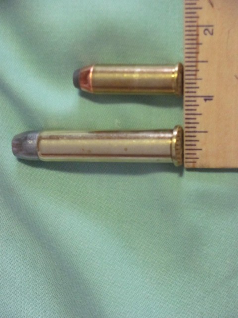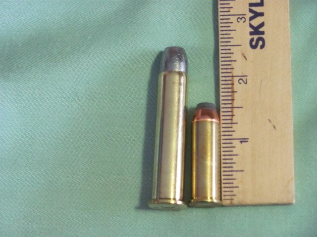 below can be seen 44 Mag and 45-70 cartridges .... the 45-70 is considerably longer and a tiny bit wider .... with a 300 grain bullet the max recommended load for :
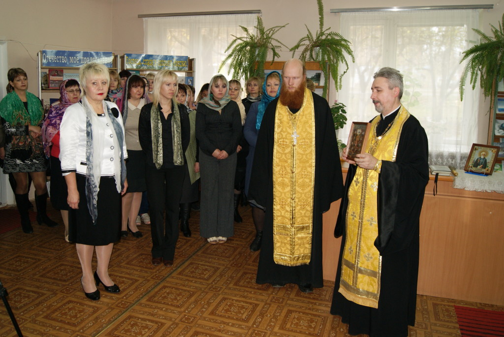 Торжественное мероприятие, как и положено по православной традиции, началось с общей молитвы. Благочинный Сафоновского церковного округа протоиерей Сергий Зеленков вместе с иереем Сергием Гуриновичем и иереем Сергием Чайкиным совершили молебен перед началом доброго дела. Благословив на новые труды коллектив библиотеки, о. Сергий Зеленков преподнес им в дар икону Божией Матери «Знамение», привезенную из города Курска.
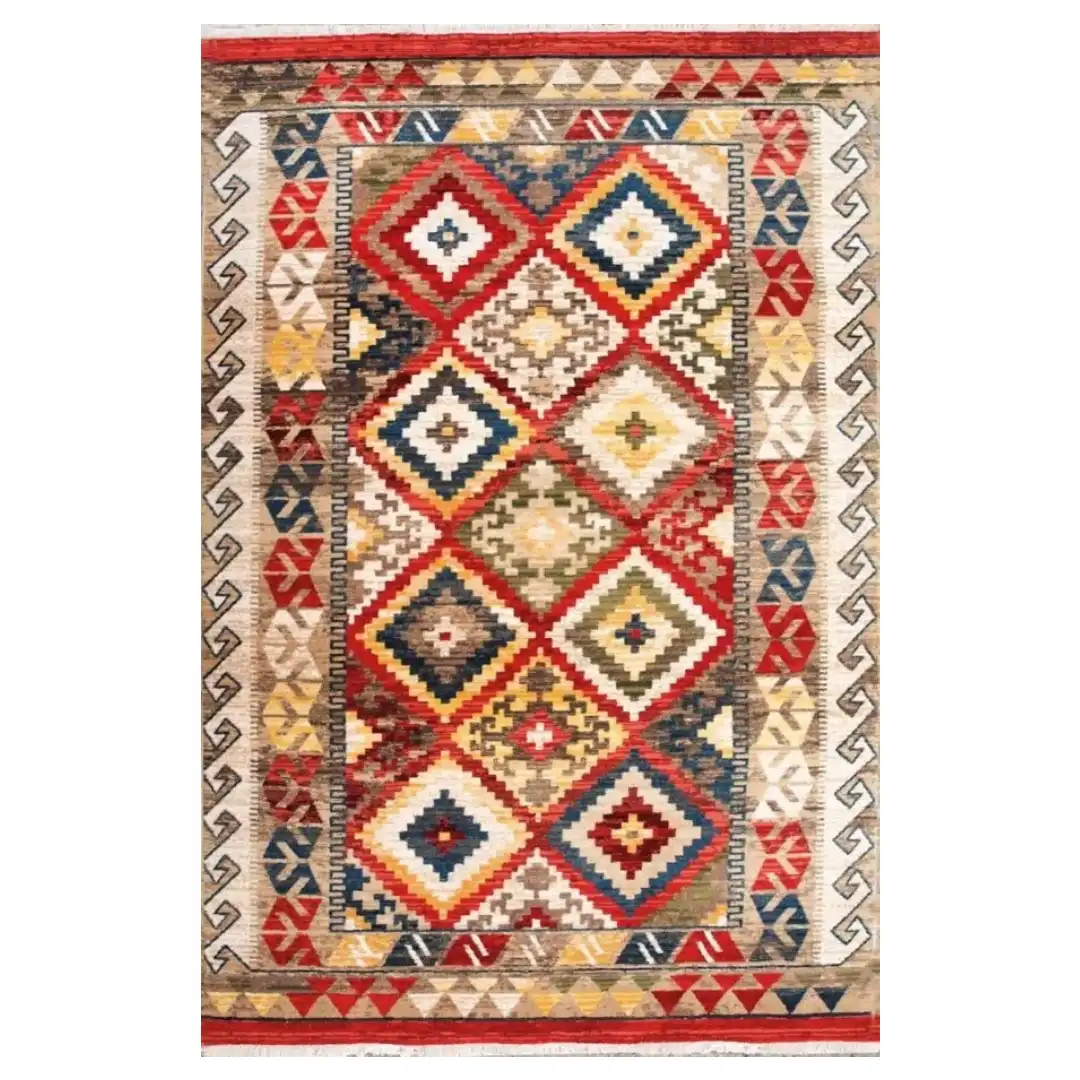 Alfombra OUSHAK Serie 232 de estilo Kilim, multicolor y con motivos étnicos, tejida al través y elaborada con hasta 14 colores. Incorpora un pequeño fleco integrado en la trama que aporta un acabado artesanal y una presencia decorativa muy marcada.
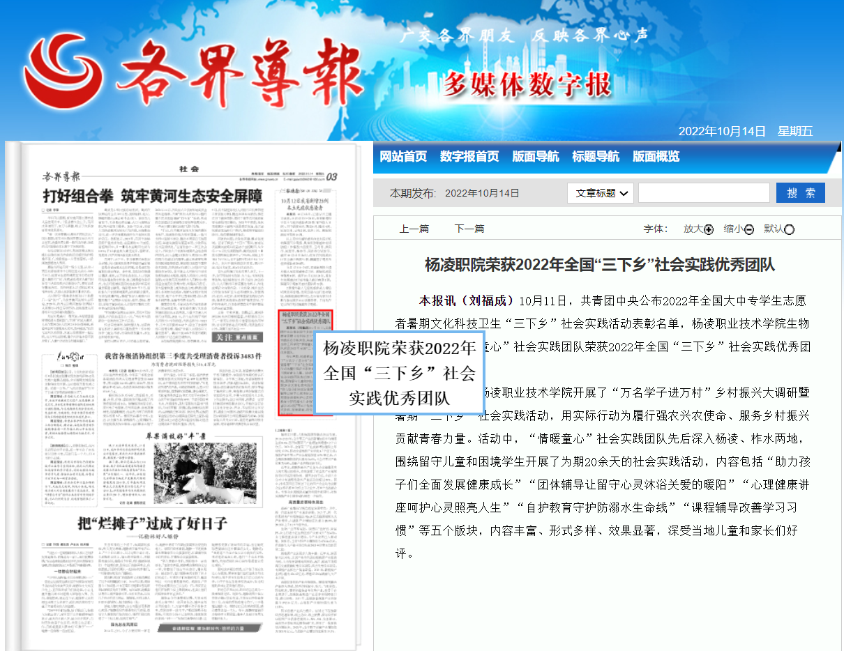 上一条:【陕西农村报】杨凌职院荣获2022年全国“三下乡”社会实践优秀团队
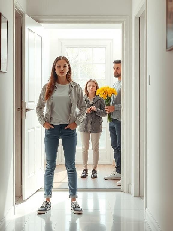На пороге стояла Тамара Аркадьевна — пуховик расстёгнут, в руках сумка, из которой торчал букет хризантем. Рядом — дядя Гена, высокий, немного сутулый, за ним — Владик с наушниками и Юлька в блестящей куртке.
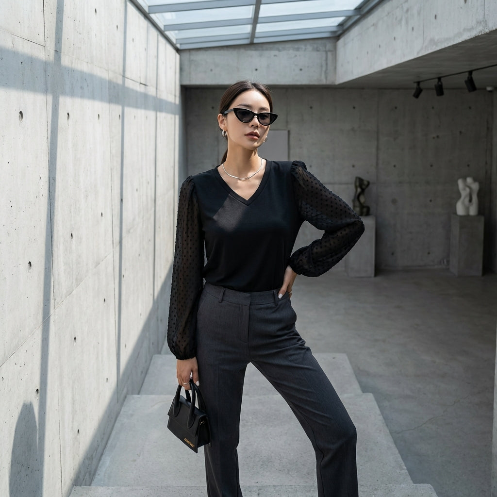 - Estilo: Minimalista, Tendencia, K-fashion. Este top encarna la elegancia discreta y la versatilidad de la moda actual, con un toque de inspiración coreana.
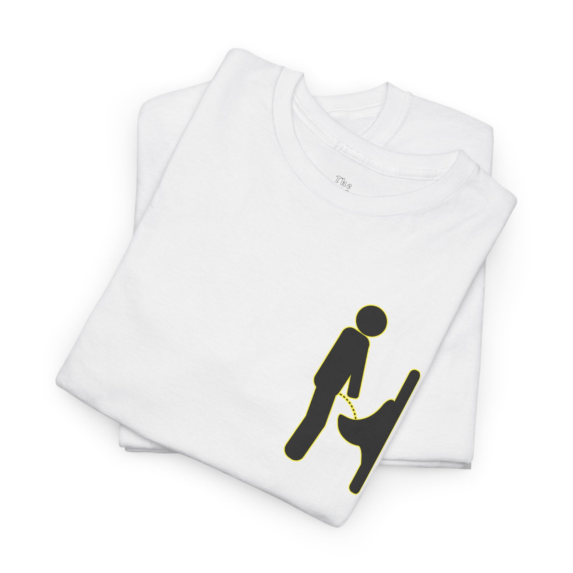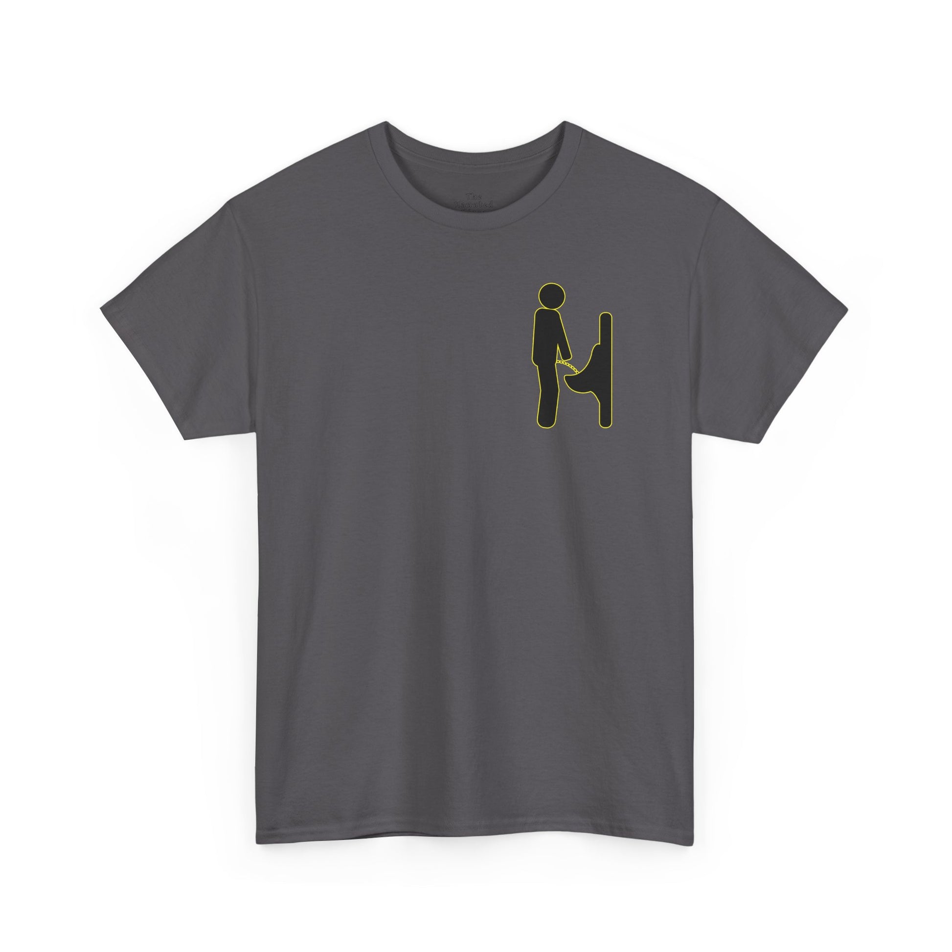 This graphic tee features a minimal, pictogram-style illustration inspired by public restroom signage—reduced to its most familiar shapes and stripped of context just enough to invite a second look. At a glance, it reads clean and graphic. Look longer, and it reveals itself as something more charged.
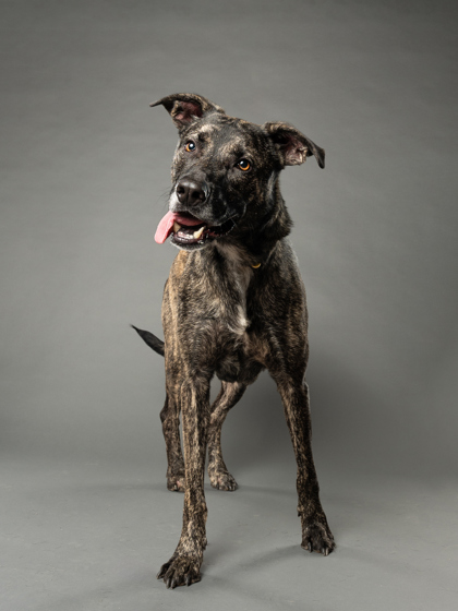 friendly, curious, and loves carrying toys on walks. She’s looking for an active home that can help her channel her energy. Dog-social and affectionate, she's a sweetheart and tons of potential.
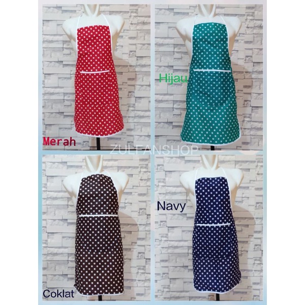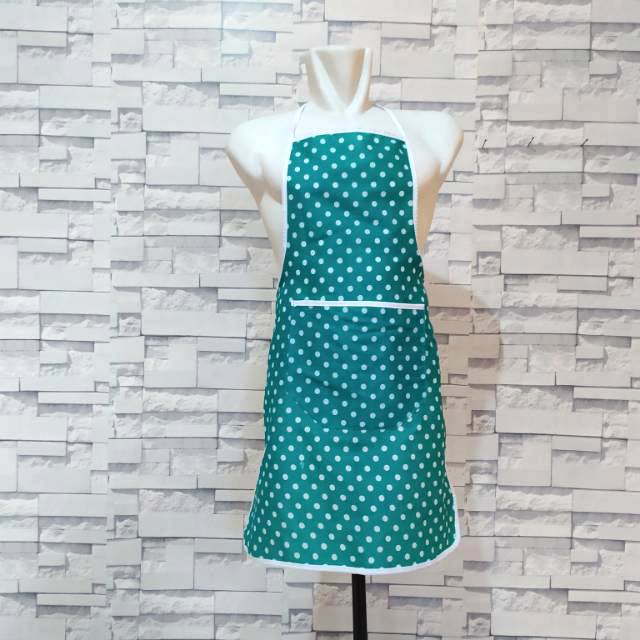 Apron celemek masak kain motif polkadot perlengkapan memasak dan kebersihan
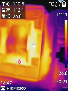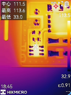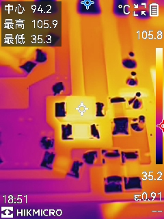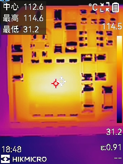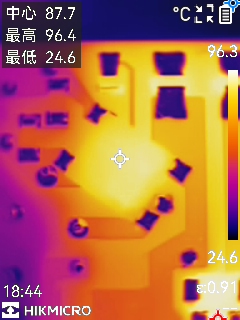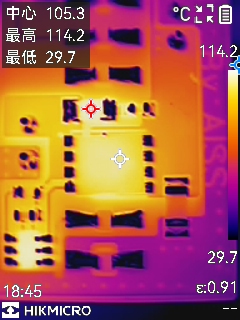 这个是氮化镓功率管的温升,小板整体的温升也较均衡。
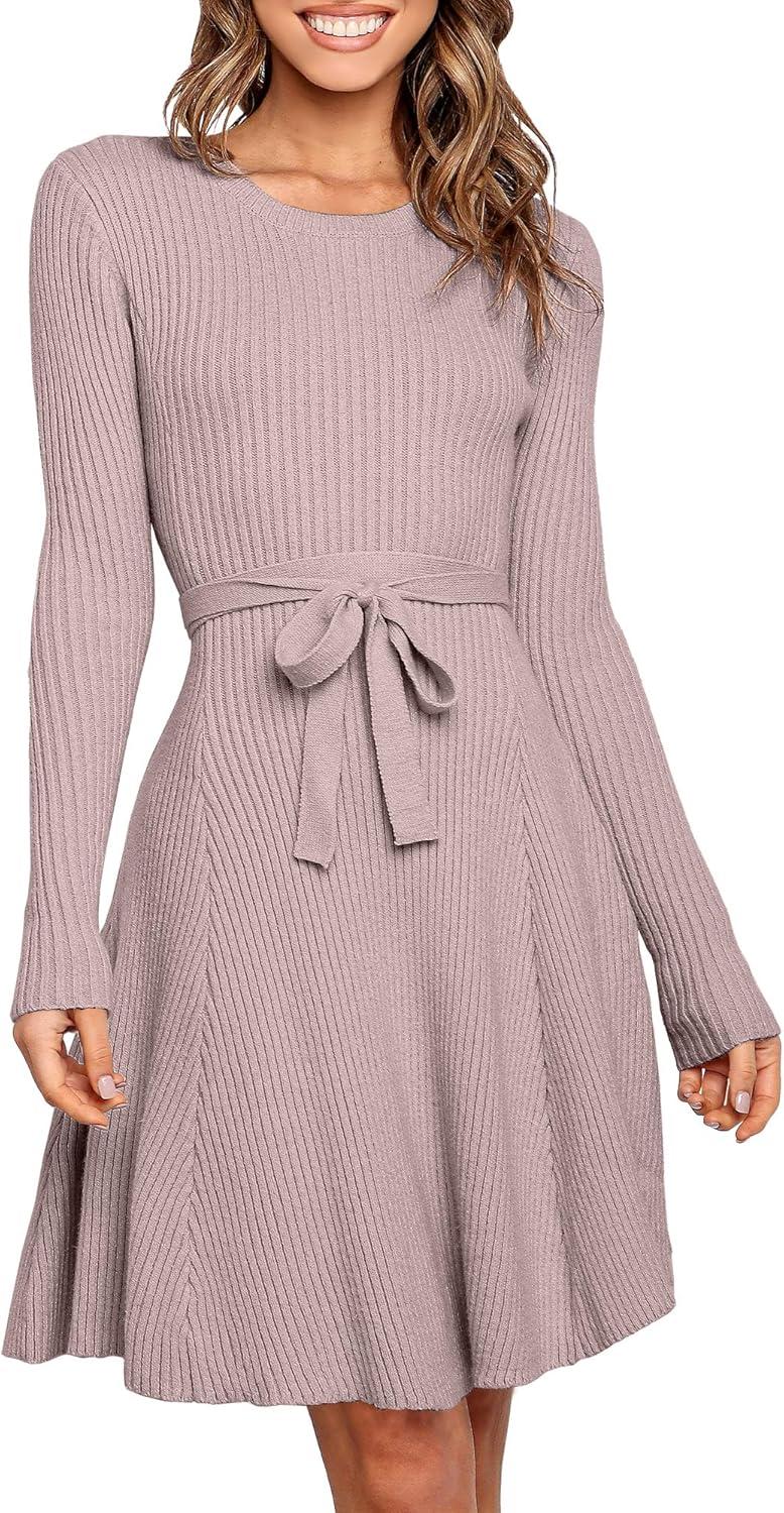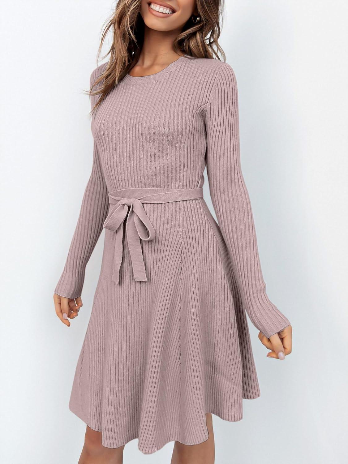 ANRABESS Women's Long Sleeve Midi Dress Crewneck Tie Waist A-Line Swing Casual Bodycon Ribbed Knit 2025 Fall Sweater Dress

→ REQUIRED WORK
Write the listing out a second time exactly, dropping all images.

→ TASK RESPONSE
 below can be seen 44 Mag and 45-70 cartridges .... the 45-70 is considerably longer and a tiny bit wider .... with a 300 grain bullet the max recommended load for :
 Торжественное мероприятие, как и положено по православной традиции, началось с общей молитвы. Благочинный Сафоновского церковного округа протоиерей Сергий Зеленков вместе с иереем Сергием Гуриновичем и иереем Сергием Чайкиным совершили молебен перед началом доброго дела. Благословив на новые труды коллектив библиотеки, о. Сергий Зеленков преподнес им в дар икону Божией Матери «Знамение», привезенную из города Курска.
 Alfombra OUSHAK Serie 232 de estilo Kilim, multicolor y con motivos étnicos, tejida al través y elaborada con hasta 14 colores. Incorpora un pequeño fleco integrado en la trama que aporta un acabado artesanal y una presencia decorativa muy marcada.
 上一条:【陕西农村报】杨凌职院荣获2022年全国“三下乡”社会实践优秀团队
На пороге стояла Тамара Аркадьевна — пуховик расстёгнут, в руках сумка, из которой торчал букет хризантем. Рядом — дядя Гена, высокий, немного сутулый, за ним — Владик с наушниками и Юлька в блестящей куртке.
 - Estilo: Minimalista, Tendencia, K-fashion. Este top encarna la elegancia discreta y la versatilidad de la moda actual, con un toque de inspiración coreana.
 This graphic tee features a minimal, pictogram-style illustration inspired by public restroom signage—reduced to its most familiar shapes and stripped of context just enough to invite a second look. At a glance, it reads clean and graphic. Look longer, and it reveals itself as something more charged.
 friendly, curious, and loves carrying toys on walks. She’s looking for an active home that can help her channel her energy. Dog-social and affectionate, she's a sweetheart and tons of potential.
 Apron celemek masak kain motif polkadot perlengkapan memasak dan kebersihan
 这个是氮化镓功率管的温升,小板整体的温升也较均衡。
 ANRABESS Women's Long Sleeve Midi Dress Crewneck Tie Waist A-Line Swing Casual Bodycon Ribbed Knit 2025 Fall Sweater Dress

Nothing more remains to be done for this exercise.